Probus (consul 502)
Probus was the nephew of Eastern Roman Emperor Anastasius I and a cousin of the brothers Hypatius and Pompeius; he was probably the son of Paulus (consul in 496) and his wife Magna. According to some recent prosopographical studies, he might have married a daughter (b. ca 480) of Sabinianus (ca 460 - after 505), Roman Consul in 505, and had Flavius Anastasius Paulus Probus Sabinianus Pompeius (ca 500 - after 517), consul in 517.
In 526 (when he had been probably appointed to the high office of magister militum, surely already a patricius) Probus was sent by the Emperor Justin I as the ambassador to the Huns; the emperor gave him money to hire Hunnic mercenaries to defend the Iberian from the Persians, but Probus gave the money, with the consent of Justin, to the missionaries who worked among the Huns.

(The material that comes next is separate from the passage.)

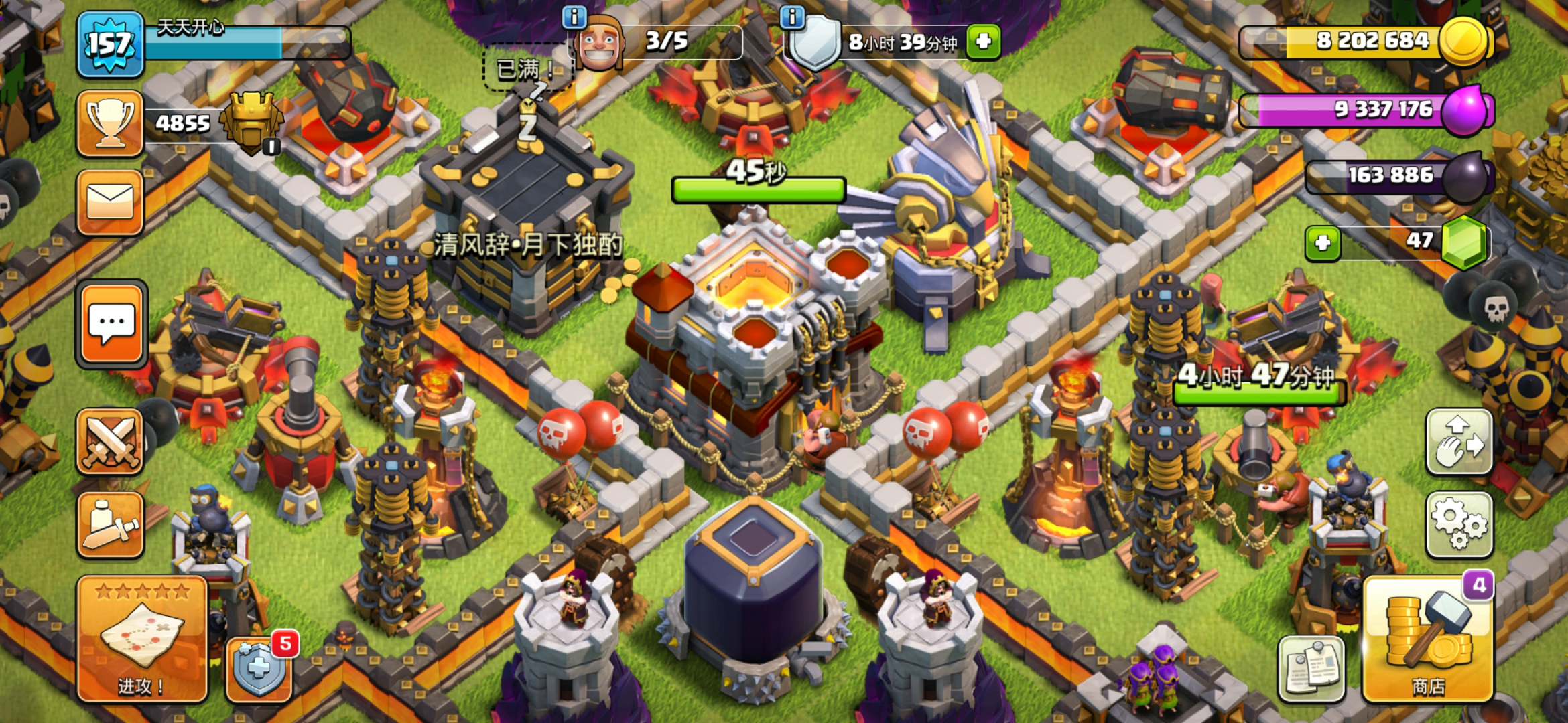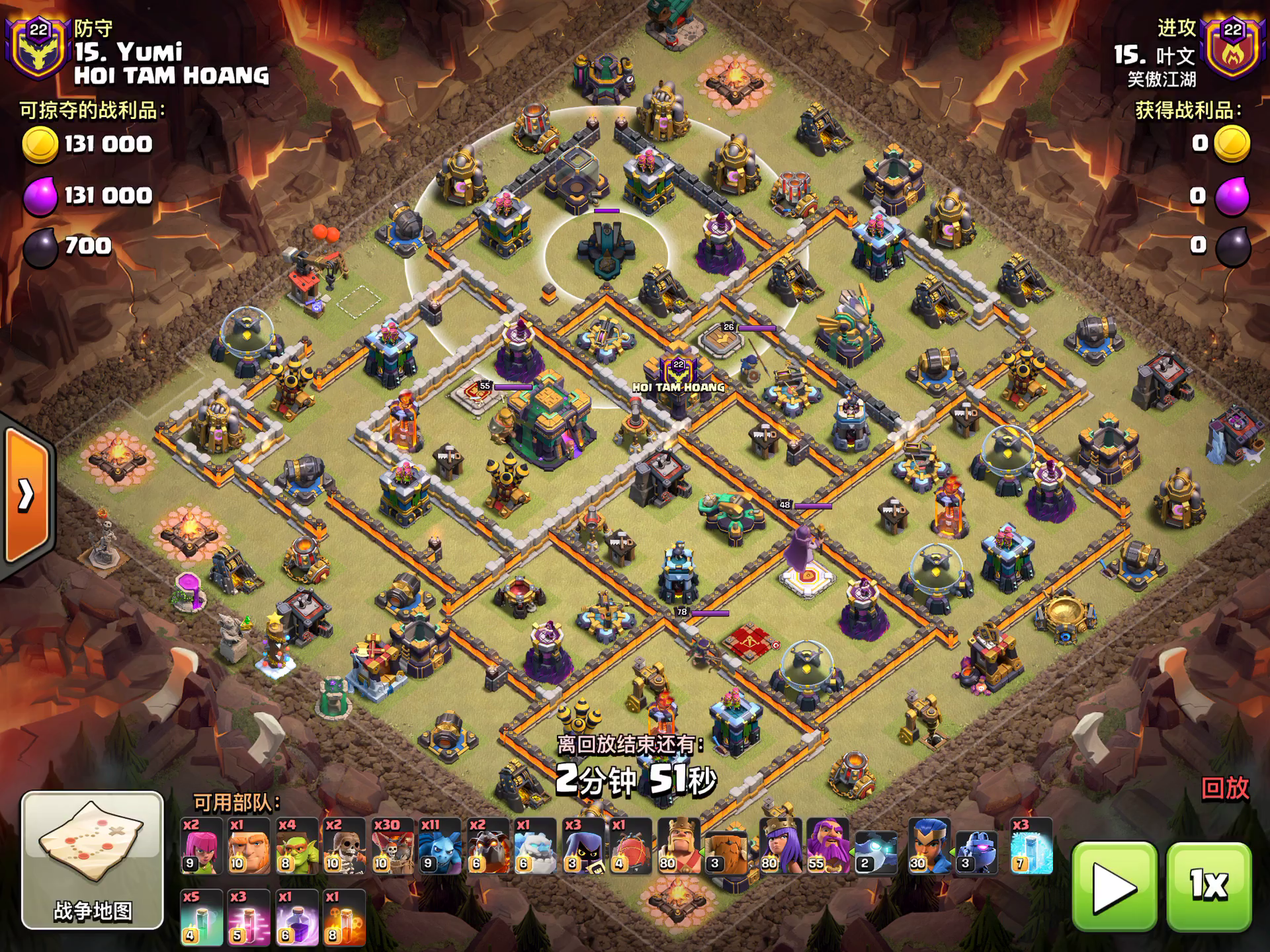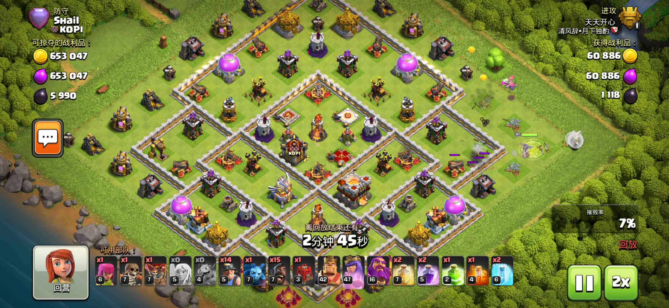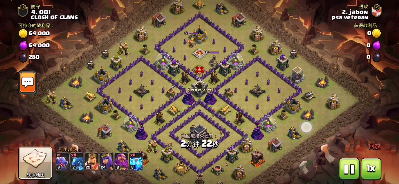 这次对阵的依然是速本的 一个速本十和一个速本九 这次的视频算是给待在七本一段时间的萌新老手们的攻略吧😁 十本没有地狱塔那么像视频上的情况,七本的可以思索了后,就去打一下 而对于九本,如视频上的,炸弹塔那个位置,如此密集的建筑那样就要发挥闪电范围伤害的优势,去封路让主力的龙群不飞偏,而对于空气炮,就集中气球去炸掉,万不得已的话,通常都禁忌正对空气炮 (前提必须下龙和劈雷很熟练了) 希望看了此视频的七本老手们以后看见类似这种速本的就不要怕,只要熟练透了,胆子还大的就打上去 我就是在七本和八本各个阶段玩龙流打了四年了,所以基本没任何顾虑😁 用时间来,慢慢就成大佬了,如果终身玩部落那急不得
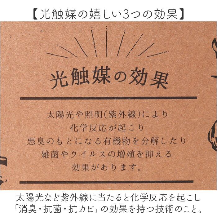 ・太陽光など紫外線に当たると化学反応を起こし「消臭・抗菌・抗カビ」の効果を持つ技術のこと。

In 528 he was accused of slandering Emperor Justinian I; brought in trial before the consistory, the Emperor tore up the documentation and forgave Probus.
In January 532, Justinian faced a dangerous uprising, known to history as the Nika revolt. The rebels needed a candidate to the throne in opposition to Justinian, and Probus believed that as a nephew of Anastasius, the people could choose him or one of his cousins, and for this reason he secretly withdrew from Constantinople. The rebels went to the house of Probus, near the port of Julian, and having not find him, burned his house; they then acclaimed Hypatius emperor. After turning off the revolt, Justinian put to death Hypatius and banished Probus, confiscating their properties, but the following year he changed his mind and called Probus back, restoring what was taken away.
Probus was still alive in 542, when he leased one of his houses to John of Ephesus.
- Martindale, John R., e John Morris, "Fl. Probus 8", The Prosopography of the Later Roman Empire, Volume 2, Cambridge University Press, 1980, pp. 912–913.